In a message tweeted by the JCF, the commissioner said the police will remain committed to their duty to Jamaicans and their members. 

“We will continue to respond to and protect the people of Jamaica and we will not allow criminals to destroy the lives and livelihood of Jamaicans, as along as we are here as the Jamaica Constabulary Force” Anderson said. 

“We will continue to show respect, obey the rule of law, and one thing is certain: we will continue to be that ‘force for good’,” he continued. 

Twenty-six-year-old Detective Corporal Dane Biggs and Constable Decardo Hylton were killed during an attack in Horizon Park, St Catherine yesterday morning, as they, along with fellow members of the JCF, conducted an operation in the area. Superintendent Cleon Clunis and another policeman were also shot during the incident. They remain in hospital in critical condition. An M16 rifle was retrieved from the scene.

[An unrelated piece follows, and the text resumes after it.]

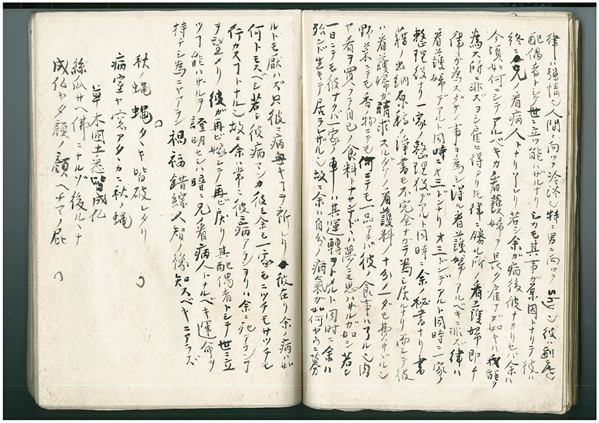 律さんはテレビドラマ「坂の上の雲」では女優の菅野美穂さんが演じられて有名になりましたが、本当に献身的に子規の看護をされました。ただ兄妹ですから日常の喧嘩もあったのでしょう。『仰臥漫録』という病床日録に、律さんの悪口をずいぶん書いています。でも、同時に、妹が一日でも居なければ自分はほとんど生きて居られないだろうとも言ってます。その喧嘩のあとは必ず甘いものを家族三人で食べているのが面白いですね。子規が亡くなった後に律さんは32歳で女子職業学校に入学し、卒業後は事務職を経て裁縫科の教員になっています。今の共立女子大の前身の学校で、しっかりした優秀な先生だったそうです。また、叔父さんの息子さんを養子にされて、正岡家を遺されました。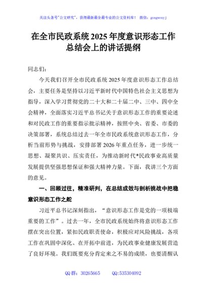 / 在全市民政系统2025年度意识形态工作总结会上的讲话提纲

Later that afternoon, the man believed to be the killer, 39 year-old Damion Hamilton, a deportee, was killed in Cooreville Gardens, St Andrew, but not before injuring another policeman. A 9mm pistol was seized in the Cooreville Gardens incident.

A source said that Hamilton served in the United States Marines Corps and that he was deployed in the Gulf War. Hamilton had been living at the house on Queens Drive in Horizon Park, from which he allegedly launched his attack, for the past three years. He was recruited by an individual from the area to help fight a turf war, a source explained.

Anderson had vowed swift justice, stating the incident “is not going to cause us to step back.” However, he was quick to reject suggestions yesterday that the police on operation were ambushed, telling reporters “there is no indication of that.”